Так лежали они рядом, оба молчаливые, оба немного сонные, но с трезвым сознанием близости, пока, как всегда по утрам, не раздался семичасовой стук в дверь — и, с привычными шумами улицы, с торжествующим снопом солнца, сквозь щель портьеры и с радостным детским смехом за стеной, к ним не ворвался новый день.
Фрау Беата и её сын
Ей послышался шум в соседней комнате. Она подняла глаза от начатого ею письма, подошла тихими шагами к приотворенной двери и заглянула через щель в комнату, где при закрытых ставнях сын ее, казалось, спокойно спал на диване. Потом только она приблизилась к нему и увидела, как грудь Гуго подымалась и опускалась от его ровного и сильного юношеского дыхания. Гуго лежал совершенно одетый, только воротник рубашки, мягкий, слегка смятый, был отстегнут у шеи; он даже не снял подбитых гвоздями сапог, в которых ходил в деревне. Очевидно, ему стало очень жарко и он прилег на короткое время, с тем чтобы, встав, снова приняться за учение, — это видно было по раскрытым книгам и тетрадям. Он повернул голову набок, точно уже пробуждаясь ото сна, но только потянулся несколько раз и продолжал спать. Глаза матери, освоясь с полумраком комнаты, не могли не заметить, что поражавшая ее уже несколько раз за последние дни странная болезненная складка у губ семнадцатилетнего юноши не разгладилась и теперь, когда он спал. Беата со вздохом покачала головой, вернулась к себе в комнату, тихо закрыла за собою дверь и опустила глаза на письмо; продолжать его. У нее теперь не было охоты. Ведь со своим поверенным Тейхманом, которому это письмо предназначалось, она не могла говорить без стеснения; она и так раскаивалась уже в том, что слишком любезно улыбнулась ему на прощание из окна вагона. Как раз теперь, в эти летние недели в деревне, она особенно живо вспоминала о своем муже, умершем за пять лет до того; любовь адвоката, в которой он еще не признался, по неминуемо должен был признаться, встречала поэтому в душе ее такой же отпор, как всякие мысли о собственном будущем. И ей казалось, что менее всего она могла бы говорить о своей тревоге за Гуго человеку, который увидел бы в ее словах не столько доказательство доверия, сколько знак поощрения. Она разорвала поэтому начатое письмо и подошла в нерешительности к окну.

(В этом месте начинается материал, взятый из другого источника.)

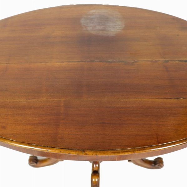 Louis Philippe oval coffee table in walnut, with faceted column base supported by four curved legs, defects on the top
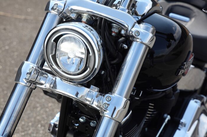 従来の楕円型LEDライトからベーシックな丸いLEDライトに変更された。ポリッシュされたトリプルツリーと丸いライトが織りなす表情にハーレーらしさを感じる人も多いのでは!?
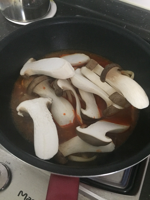 버섯악개이자 요리고자라서 그냥 대충 잘라서 넣었음.
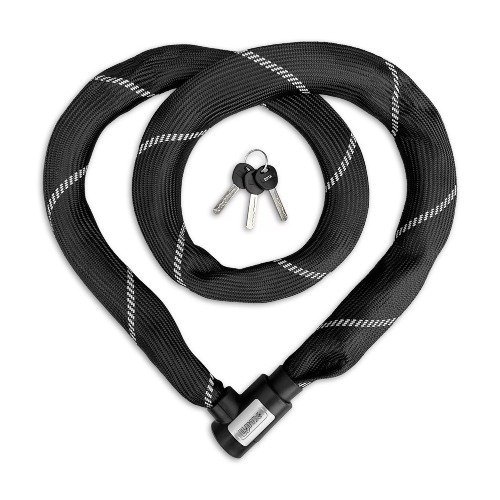 De kettingschakels hebben een dikte van 8,3 millimeter en zijn vervaardigd uit gehard staal, wat ze extra bestand maakt tegen doorzagen of doorknippen. Om het fietsframe te beschermen tegen krassen, zijn de schakels omhuld met een flexibele mesh hoes. Deze hoes voorkomt niet alleen beschadigingen, maar geeft het slot ook een moderne uitstraling.
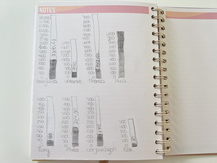 Zelf spaar ik geld voor het noodfonds op mijn rekening en in een envelop. Als ik geld spaar op mijn rekening, dan zet ik altijd bij de beschrijving “noodfonds” neer, zodat ik altijd kan opzoeken hoeveel geld van de spaarrekening in het noodfonds zit. Ik hou dan bij in mijn nieuwe Mascha Planner hoeveel geld er in mijn noodfonds zit.
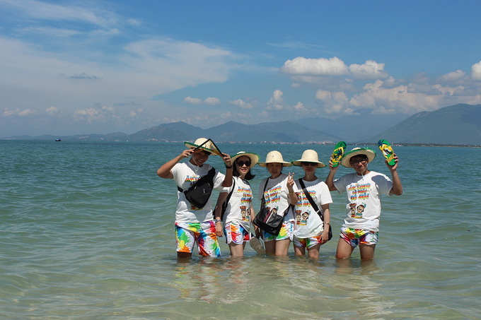 Nhiều du khách tự lên kế hoạch tham quan, chỉ mua dịch vụ lưu trú và vận chuyển. Trong ảnh, nhóm bạn trẻ đến từ TP HCM tham quan lối đi bộ trên biển Điệp Sơn (Khánh Hòa). Ảnh: Nguyễn Nam.
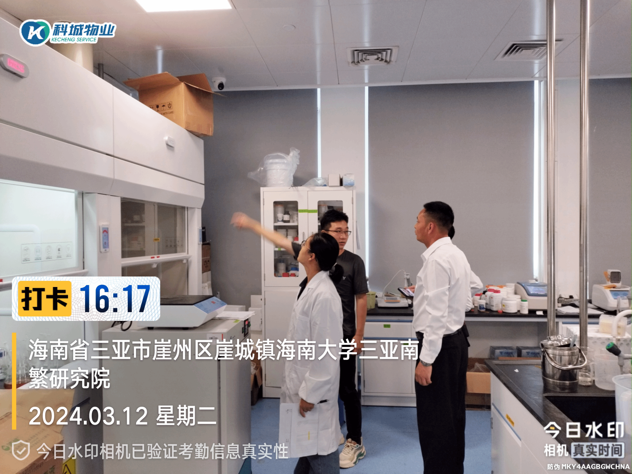 为做好实验室安全工作,给师生提供安全的试验环境,3月12日,包子漫画 实验室管理员联合崖州湾科教园管委会、三亚科城物业中心开展实验室安全常态化月检工作,此次重点开展实验室消防安全隐患集中排查,对易燃物品堆放、违规拉电线、插排落地、杂物遮挡消防设施等消防安全隐患进行纠正。
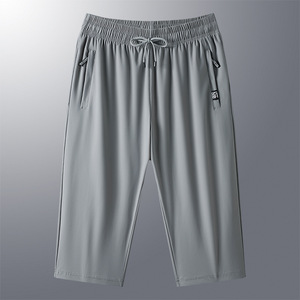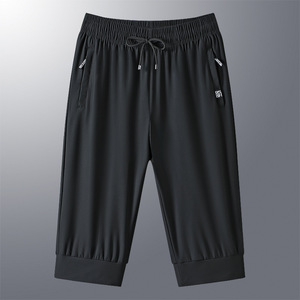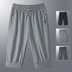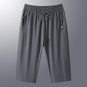 夏カジュアルパンツクロップドパンツメンズ 2025 速乾性ミッドパンツスポーツパンツアイスシルクプラスファットプラスサイズ 7 点ショーツ男性
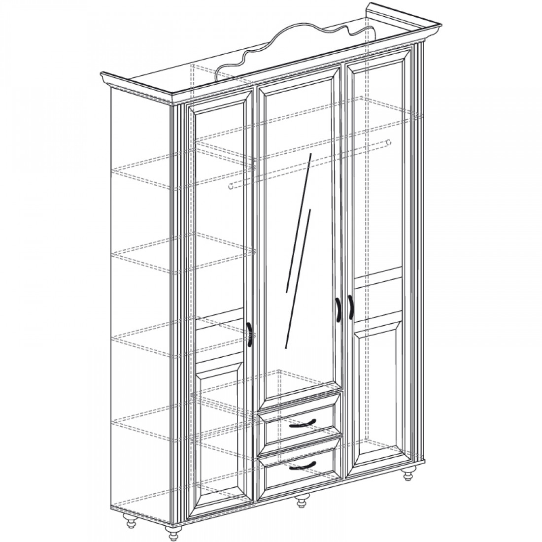 Шкаф 4-х дверный с зеркальными и глухими дверями Неаполь Ясень анкор светлый (патина "серебро")
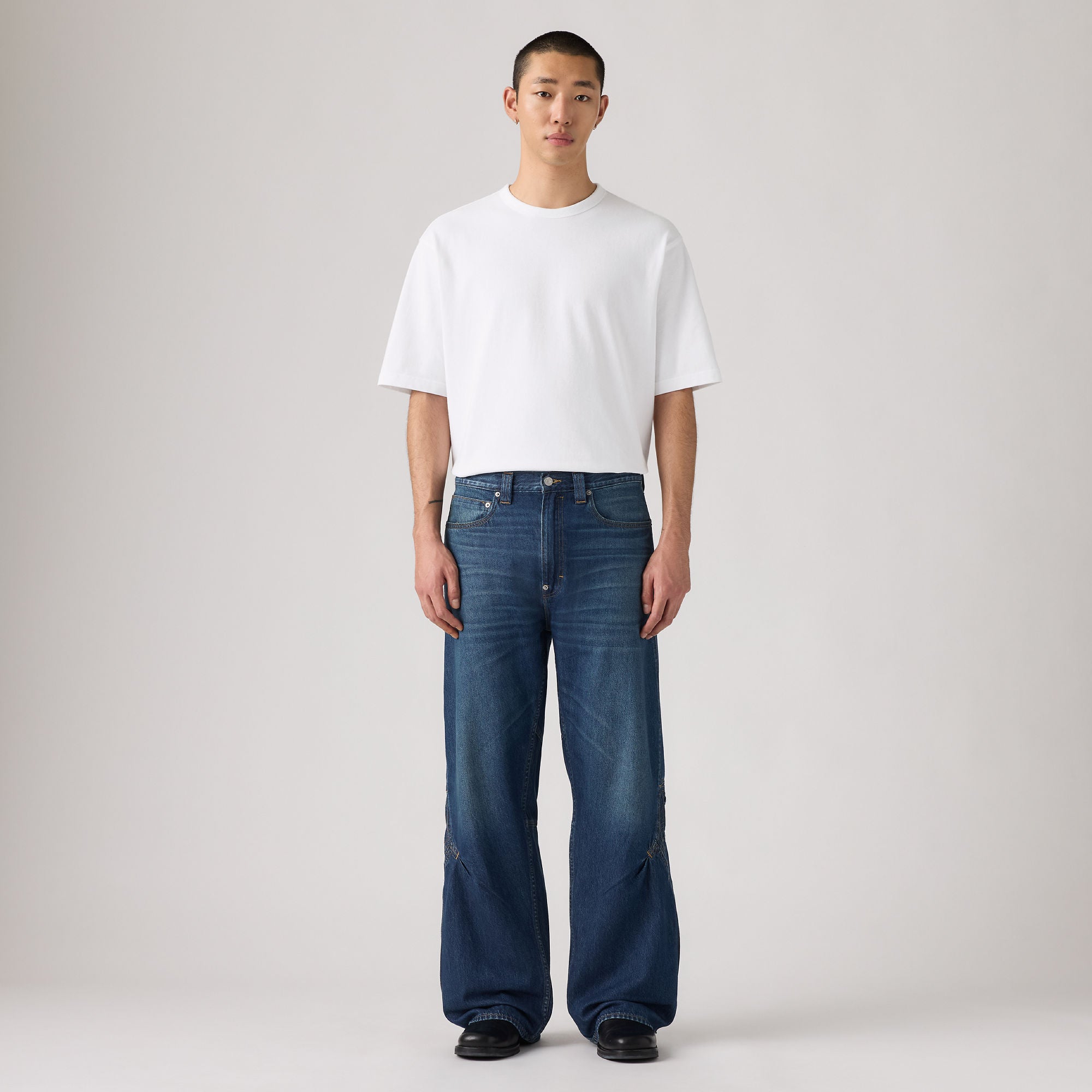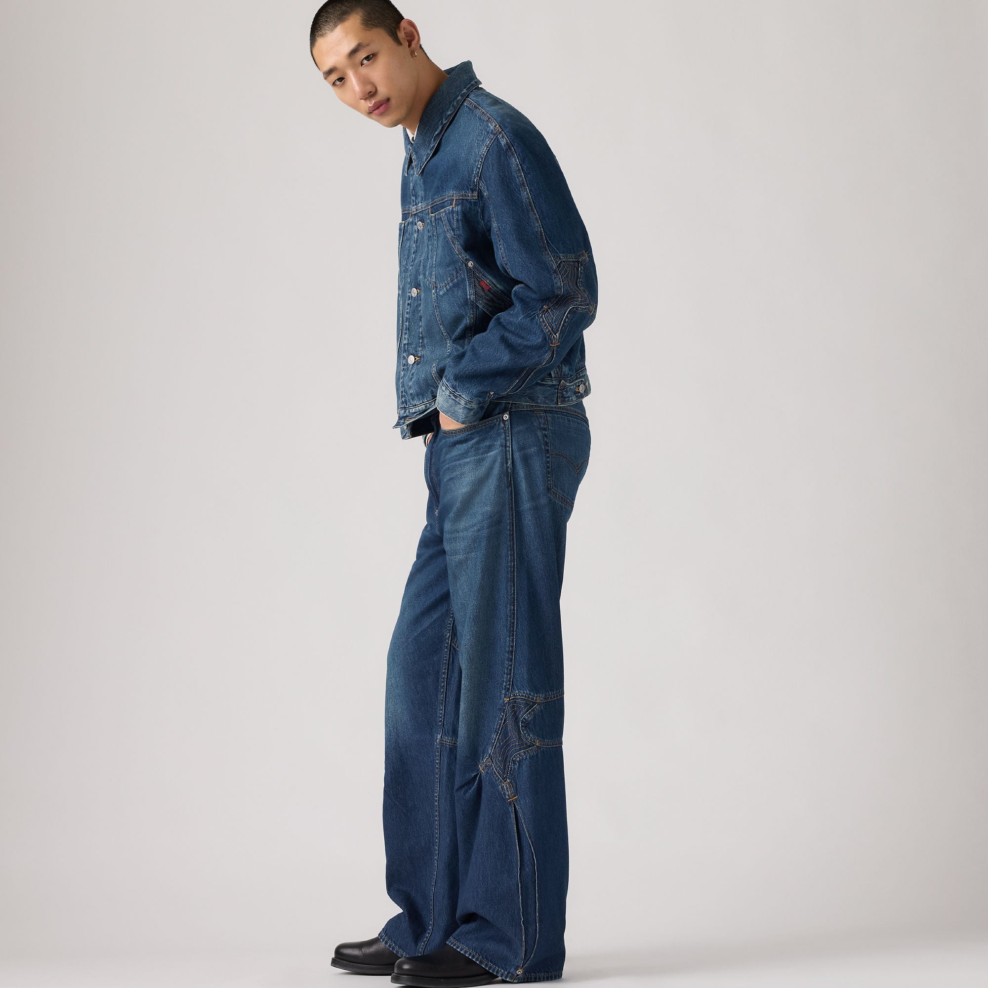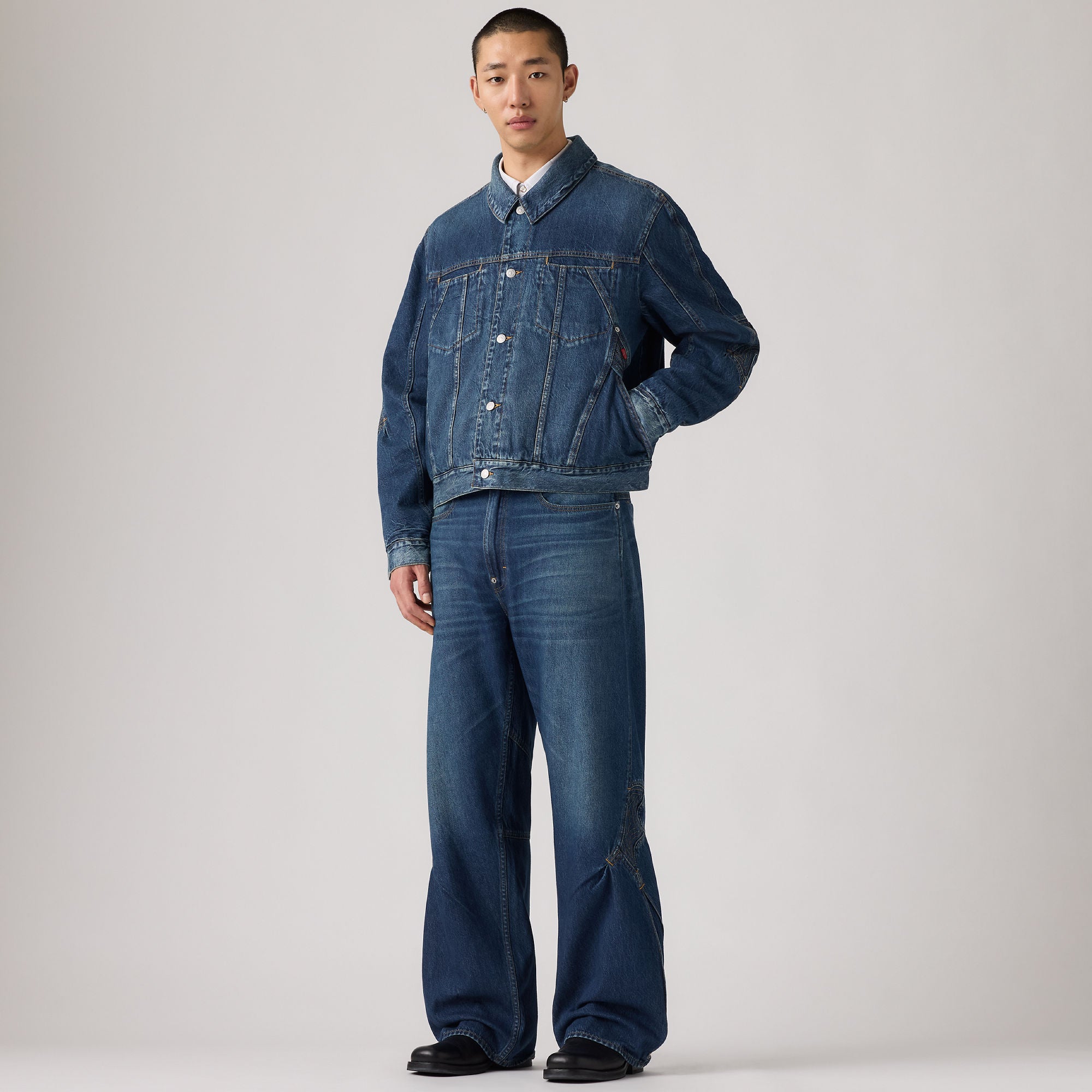 투톤 스티칭이 돋보이며 클래식 논스판 인디고 데님으로 만들어졌습니다.
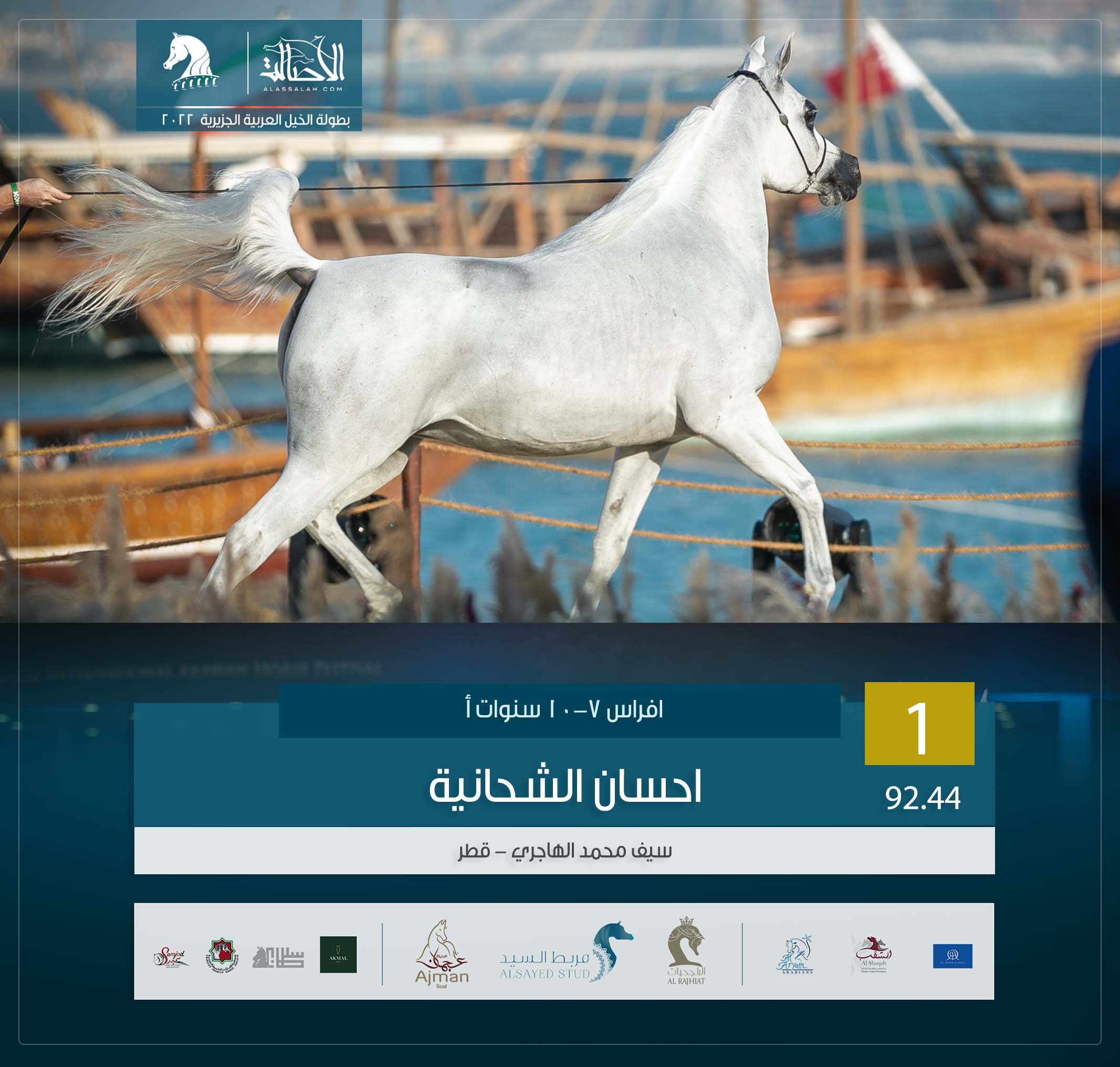 المركز الأول: احسان الشحانية (براق العلياء x سالوميه) مربط سيف محمد الهاجري- قطر.
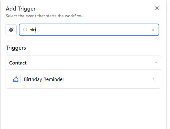 - Select Birthday Reminder in the Contact section of the Workflow Triggers Menu or use the search feature
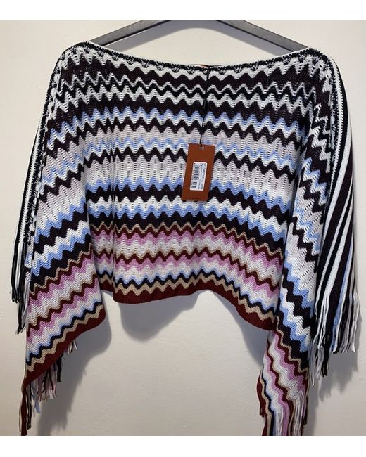 MISSONI Multicoloured Zigzag Chevron V Neck Poncho Wool Blend One Size New.
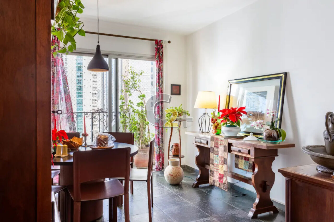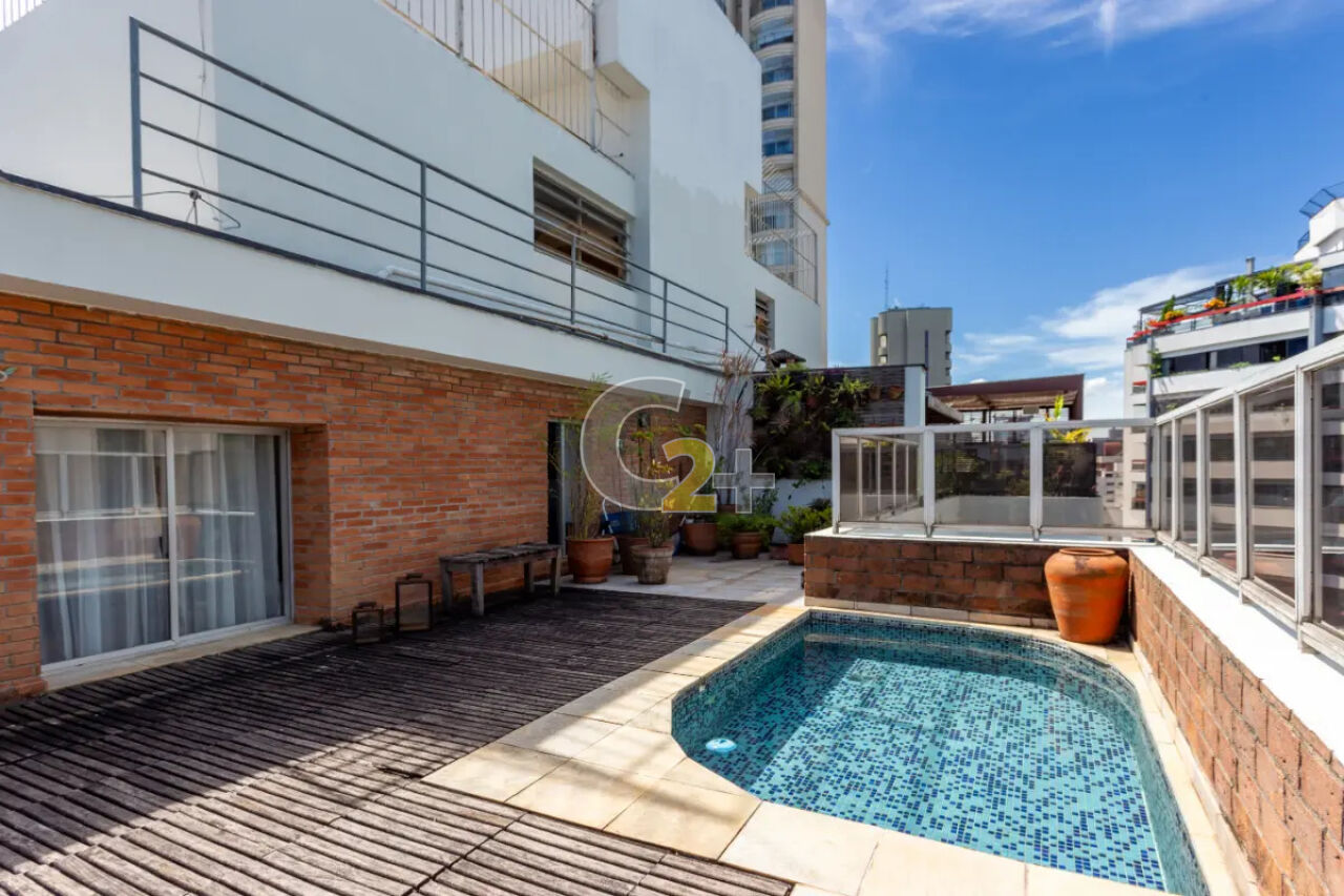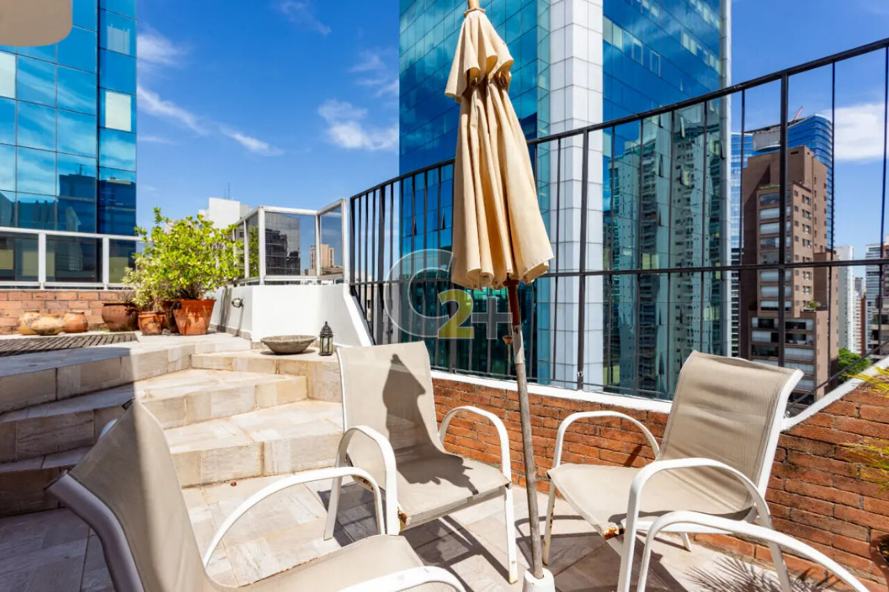 Cobertura duplex á venda no Itaim Bibi com 173m², 3 quartos sendo 1 suíte, sala para 2 ambientes com lareira, varanda e terraço com piscina, banheiro, cozinha, área de serviço e com 2 vagas de garagem.
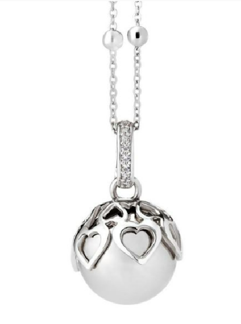 Collana in bronzo rodiato con contromaglia zirconata, ciondolo sonoro (diametro mm 14) e coppetta decorativa placcata e traforata. Duplice indosso: 1 filo - cm 100 / 2 fili - cm 50.

Очертания гор за озером расплывались дрожащими воздушными кругами; снизу, с поверхности озера, сверкало перед Беатой тысячекратно раздробленное отражение солнца, и она быстро перевела ослепленный взгляд через узкий прибрежный луг, запыленную большую дорогу, сверкающие крыши вилл и неподвижно колосившееся поле на зелень своего сада. Ее взгляд остановился на белой скамейке под окном. Она вспомнила, как часто ее муж сидел на этой скамейке, обдумывая роль или отдаваясь дремоте, в особенности когда воздух покоился вокруг с такой же летней истомой, как теперь. Как часто тогда она высовывалась из окна, нежно касалась черных с проседью волос и теребила их. Фердинанд тотчас же просыпался, попритворялся сначала спящим, чтобы продлить ласку, потом оборачивался наконец к ней и глядел своими детскими веселыми глазами, которые, однако, в далекие теперь, незабвенно сказочные вечера умели принимать такое геройское или такое печальное выражение. Но об этом она не хотела, не должна была вспоминать — или, во всяком случае, не с такими вздохами, какие теперь невольно вырывались у нее. Сам Фердинанд — в те минувшие дни он даже требовал от нее клятвенного обещания — желал, чтобы память о нем освящена была радостью, даже безмятежным новым счастьем. И Беата подумала: как страшно, что в расцвете счастья так легко и шутливо говорят о самом страшном, как будто оно может наступить лишь для других, по не для себя. А потом несчастье приходит; оно непостижимо, и все же его выносишь, и время продолжает идти, а человек продолжает жить. Спишь на том же ложе, которое делила с любимым, пьешь из того же стакана, которого он касался губами, срываешь в тени тех же сосен землянику, которую собирали вдвоем и которую он никогда более не будет собирать, — и не можешь понять, как это возможно.